The World outside is a great and amazing place and when you’re just a dog, it can be so hard to contain your excitement when the humans opens the door to the great, wonderful outside. Good manners by the door is one of the most important things you can ever teach your dog. Both for safety reasons, but also because it makes trips outside so much more comfortable. Below I’ll go through a short protocol to teach your dog to wait by the door.
- Place an item of high value to your dog outside the door. For this exercise, I’m using a baby gate for illustrative purposes, but you can use any door. If your dog finds the outside itself truly exciting, you can skip using an item and just use the outside as a final reward
- Put your dog in a sit behind the door and wait for eye contact. It’s important to use high value treats for this, as the item or the outside simply is very very interesting to the dog. Put your hand on the door. reward for eye contact. You’ll want to reward, every time your dog looks at you.
- Slowly increase criteria by slowly opening the door, just a bit. Reward for eye contact. Should your dog loose focus, you simply close the door again.
- It’s important that you don’t open the door further than your dog can handle. This means that your dog needs to be able to maintain a sit, while you open the door. If your dog breaks the sit, or even dashes out the door, you have moved too fast. Should your dog do this, take a step back and only crack the door and reward for eye contact.
- Once your dog begins to understand that breaking eye contact causes the door to the outside to close, you can begin to increase criteria a bit more. This means keeping the door open and maintaining eye contact. It’s important that your dog understands that he is not to exit the door unless he is released to do so.

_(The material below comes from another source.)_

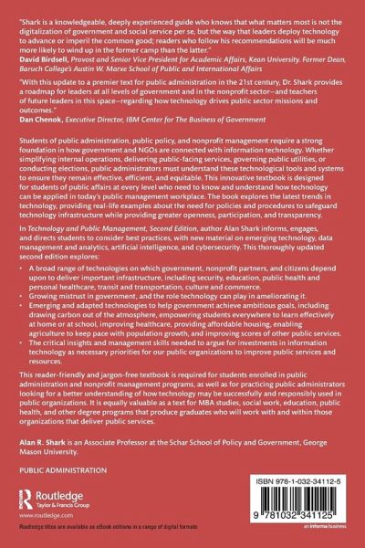 "With this update to a premier text for public administration in the 21st century, Dr. Shark provides a roadmap for leaders at all levels of government and in the nonprofit sector-and teachers of future leaders in this space-regarding how technology drives public sector missions and outcomes. Perhaps more importantly, Dr. Shark highlights how public administrators can leverage technology in their work, enabling greater effectiveness for the people served by government programs and civil society advocacy. The text tracks the evolution of key topics in managing technology that range from mobile devices and broadband access to cybersecurity and privacy. Readers will learn both foundational content and practical applications that they can adapt in their own work. Dr. Shark's text leaves the field of public administration in a better place."

- When you have established the connection between the open door and eye contact, it’s time to raise criteria again. This is done by beginning to step out of the door. Start with one foot and reward for contact. Repeat a few times before adding the other foot and eventually can take a full step out of the door. I prefer to end these exercises with the high value item we started off with outside. If you didn’t use an item, getting to run out is just as fine as a reward. This helps keeping the dog motivated. If we reward with the things he wants the most, it’s more likely that the dog makes the connection that waiting politely means we’ll go out eventually.